We worked together on several projects including Houstoncon '74/Star Trek '74, Houstoncon '75/Star Trek '75, countless mini-conventions in the Houston area and San Antonio's first-ever fan convention. We also published Trek: The Magazine for Star Trek Fans, a project from which I departed early due to other commitments. I was never involved in any project with G.B. that wasn't both commercially or aesthetically successful. Batting a thousand ain't too shabby.

After I moved to Los Angeles in 1977, we stayed in touch regularly. He would visit us periodically and we would seem him at two or three fan conventions a year.

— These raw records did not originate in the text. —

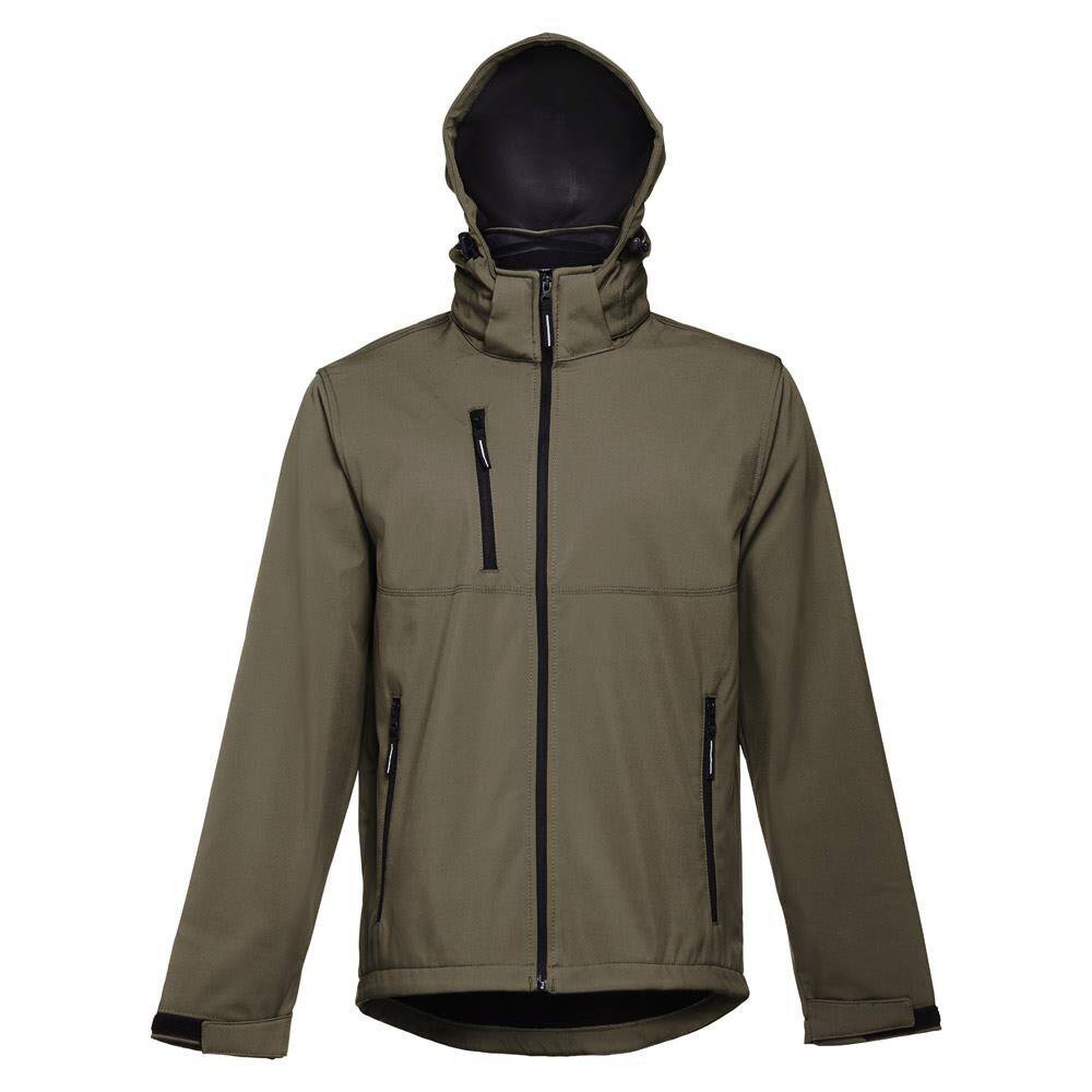 Męska kurtka softshell z 96% poliestru i 4% elastanu (280 g/m²), z dwiema warstwami, odpinanym kapturem i wodoodporną powłoką. Kurtka z polarową podszewką z 2 przednimi kieszeniami i ukośną kieszenią na piersi, wszystkie z zamkami. Regulowane mankiety o przylegającym zapięciu. Odpinany kaptur ze sznurkiem i paskiem o przylegającym zapięciu do mocowania przy kołnierzu. Kurtka ma zaokrgąglony dolny brzeg. Rozmiary: S, M, L, XL, XXL
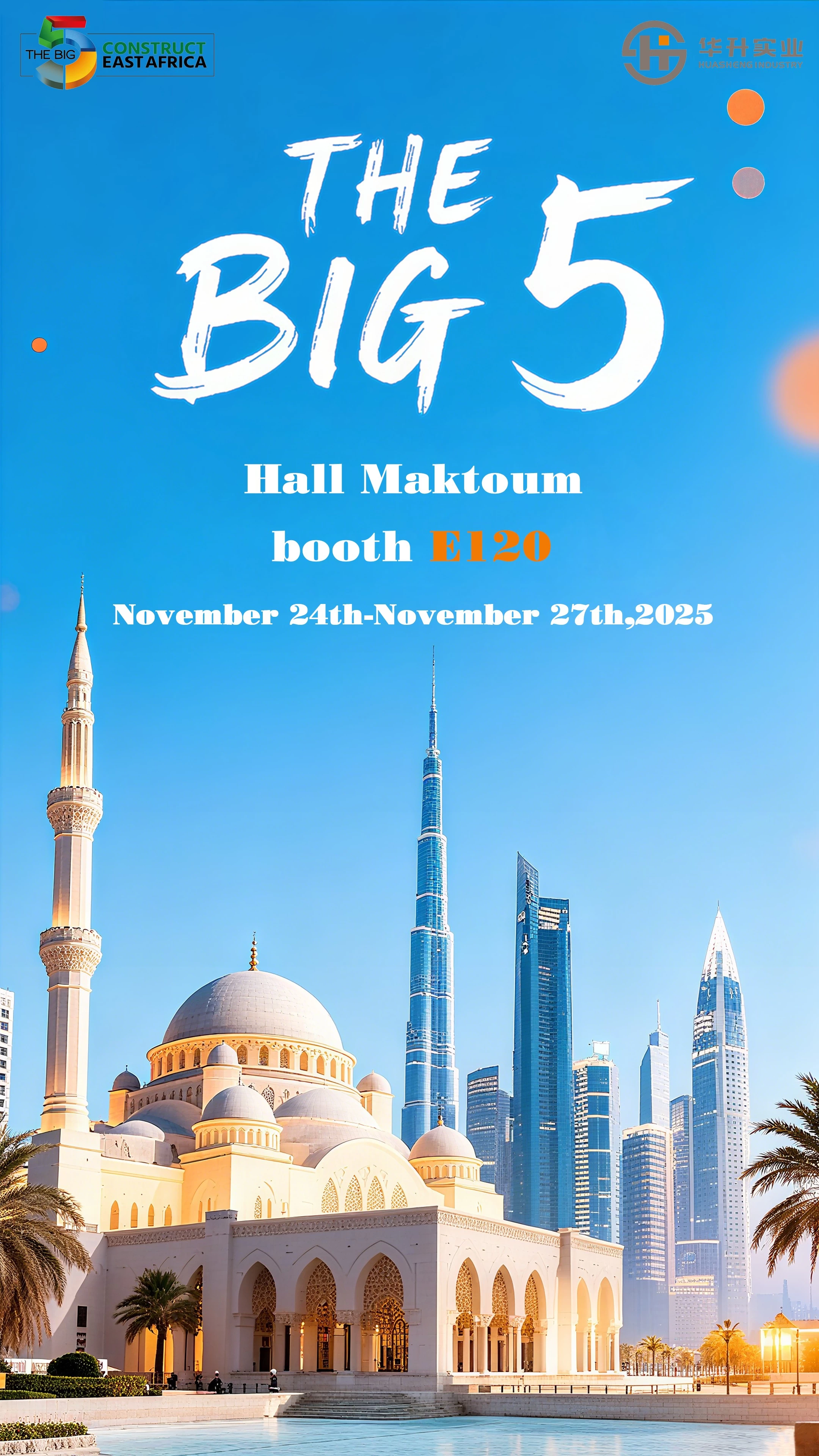 Heze Huasheng Industry is pleased to announce its participation in The Big 5 Dubai, the Middle East's premier construction event. Visit us at Booth E120, Hall Maktoun from November 24-27, 2025.
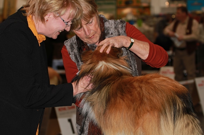 Menschen und gute Freunde, sahen und knuddelten tolle Shelties

When my family relocated to Alabama in 1984, we would still see G.B. regularly, either on personal visits or, again, at fan conventions. After his parents died, he would often come to our house for Thanksgiving.

I was with him the day...no, the very moment he died. G.B. had been in the hospital for months, following an auto accident that severely damaged his already fragile legs. I had been to see him twice since the accident, the last a few a few weeks earlier at a rehabilitation center. He seemed to be improving. On, I believe, a Monday night, I received a frantic call from Roy Bonario stating that G.B. was failing fast and they didn't expect him to live much longer.

I hopped on the next available plane and made it to Houston and the hospital before noon the next day. Some member of his church were there sitting with him. He hadn't eaten and was in pain, getting very little sleep. I managed to wake him up and get a small portion of Cheerios with milk down him. His legs were the source of the painful, so I badgered the staff to send in someone to massage his legs. I even got him to sit up for a bit. He seemed to improve.

The next day was much the same. He was so terribly thin that he could not accept pain relievers via an injection and his overall condition so weak they didn't want to try to administer by pill, so it was decided to give him the pain reliever as part of a oxygen treatment in the form of a fine mist he would breath through a mask.

As I recall, he began breathing oxygen early in the afternoon, and, shortly after starting, fell to sleep.

He never regained consciousness.

He fell into a deep coma and late that night, passed away. Several members from his church and I were at his bedside.

Plagued for most of his life by crippling cerebral palsy, G.B. be never let his illness impede either his creative spark or, for certain, his business acumen. Walking was difficult as was merely picking up or handling a pencil...a coke can...or just about any object. His speech was difficult and most folks would find nearly unintelligible. None of that deterred him.

He had a close knit group of friends in Houston -- Marc Schooley, Roy Bonario, Glenn Kessler, myself and others -- who gave no quarter to his infirmities. He was always one of the guys...and an outspoken one at that. And those poker games in happier times....as I said no quarter was given...more like ten or twenty bucks and G.B. was usually one of the winners.

Most of all...most importantly...he was my friend.

Ironically, the terrible illness that gnarled his hands and ravaged his limbs left its host leaving no signs of its inhabitation after his passing. Beginning his eternal rest, surrounded in the quiet, his hands rested flatly and smoothly against his body.

At his request, he was cremated and his ashes scattered to the winds. Since the funeral was handled by his sister and the church, the site was never revealed to me or his friends here in Houston.

Should need any photos of G.B. (--we nicknamed him the "Grump"--) please advise.